We don’t have to go to the ghettos or the prisons to find examples of this. We don’t have to point fingers at the crooks and the criminals. We need go no further than our own hearts. When I neglect to pray, I have shut God out and made myself His enemy. When I treat the work of His church carelessly, I have pushed God to the back shelf and have made myself His enemy. When I tip Him with no more of my money than I would give a waiter at the restaurant, I have cheapened Him and have made myself His enemy. Hostility, broken relationship … this is the plight of every person. Enemies of God.

Oh, but I do have good news. Again I have good news! [Even] "while we were enemies, we were reconciled to God through the death of His Son". Even though I have set myself over against God, He sets Himself up on that Cross out of love for me. Even though I tell God I do not care about Him, He cares about me.

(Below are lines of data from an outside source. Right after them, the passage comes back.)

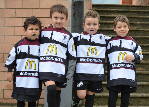 Azioni di gioco, mischie e touches in piazza Tolomei e nei campi del minirugby
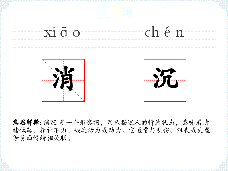 消沉 是一个形容词,用来描述人的情绪状态,意味着情绪低落、精神不振、缺乏活力或动力。它通常与悲伤、沮丧或失望等负面情绪相关联。
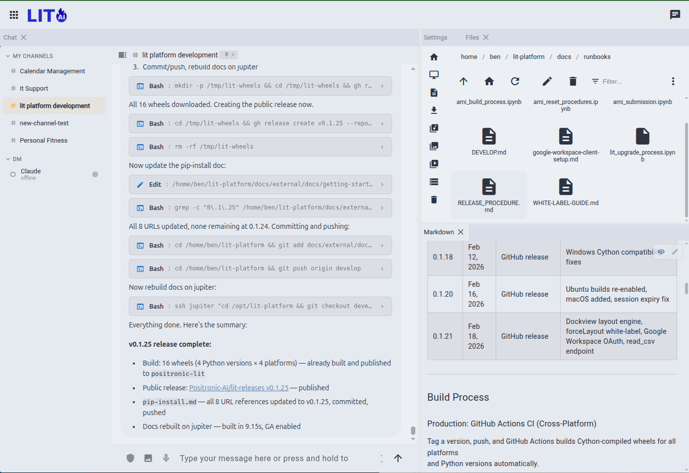 Everything runs on your machine. Sessions, models, training data, conversation history — stored in ~/.config/lit/, nothing sent to LIT.AI servers. When you're working with proprietary market data or sensitive research, that's not a detail.
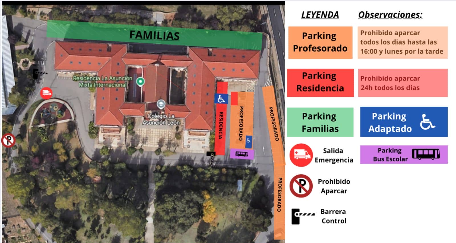 Os recordamos que, por la seguridad de los alumnos y de todos los miembros de la comunidad educativa, es importante cumplir con el protocolo de acceso de vehículos al centro escolar. Recordamos además que está prohibido aparcar en las zonas rojas de la imagen superior y que las familias deben estacionar sus vehículos en la parte de atrás del edificio.
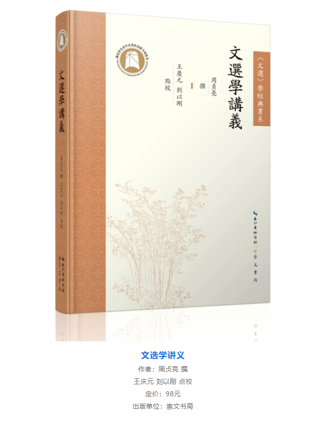 編輯推薦:周貞亮與駱鴻凱同為現代“文選學”大家,駱鴻凱之“文選學”早已風靡大江南北,周貞亮之“文選學”卻因各種原因而知者甚少。本書為周貞亮之武漢大學期間《文選學講義》的首次整理出版,分上下二編。上編十章,講述《文選》學之起源、意義、編纂義例以及文體、作家、源流等。下編三章,以重要作家作品為例,系統講述《文選》研究之方法。本書為現代《文選》學奠基作之一,王立群《現代〈文選〉學史》指出:“現代《文選》學的誕生當以周貞亮《文選學》與駱鴻凱《文選學》的問世為標志。”武漢大學王慶元、劉以剛兩位教授以河南大學圖書館所藏本為底本,將之首次整理出版,并附錄周貞亮《梁昭明太子年譜》。(陶永躍、李艷麗)
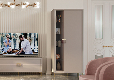 - Внутреннее наполнение: стеклополки 0,6 см за стеклянным фасадом и ЛДСП 1,6 см за глухим фасадом;
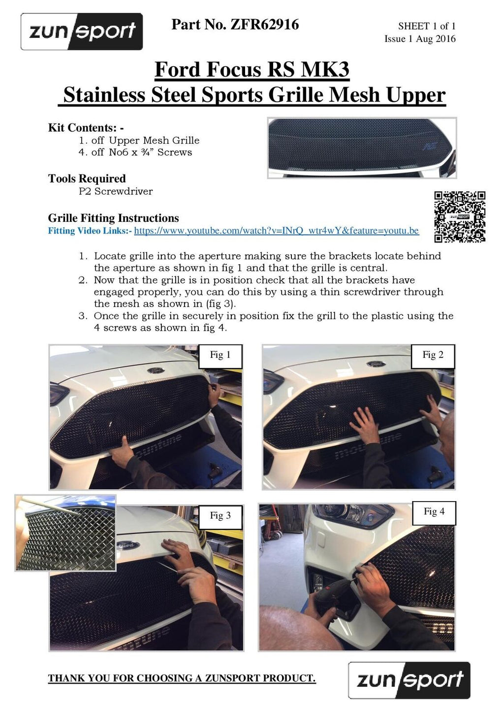 Ford Focus RS MK3 - Upper Grille - Black finish (2016 to 2018)

And that cross says, "My child, you may hate me, you may ignore me, you may treat me badly. But can you ignore this cross? Can you really overlook this? Look at what I’m doing for you."

How much does God care about us? God cares enough to reach out to us with the ultimate sacrifice in order to bring us back home, back into fellowship.

Live life without Christ and we will live it not caring what God is about, not caring where His heart is. And that means that nothing will go right. We are set against God and nothing will work. Total frustration.

But live life seeing and receiving the Cross, and all the frustrations dissolve. They dissolve because we are no longer enemies of God, but we are His friends. We are reconciled to God by the death of His son.

"What a friend we have in Jesus, all our sins and griefs to bear … what a friend" Good, good news!

Conclusion

Well, I called the plumber this week. I finally admitted that I was too weak and ill equipped to clear that drainage line.

I got in touch with the plumber this week. I recognized that all the pride in the world was not going to solve the problem. I needed help.

The plumber did his work this week, and there were smiles all around. The job was done, and we all could deal with our dirty laundry. Not only our clothes but also our feelings got cleaned.

All I had to do was give the plumber a check. He did all the work.

And all you have to do is to give Christ your heart, your life, and your trust. He will do all the work.

If you are weak, Christ died for that. If you are proud, Christ died for you. If you are so far gone you are God’s enemy, Christ died to bring you home.

How much does God care about us? Enough to die. Enough to take us just as we are. Just come. It’s so simple, really. Just come.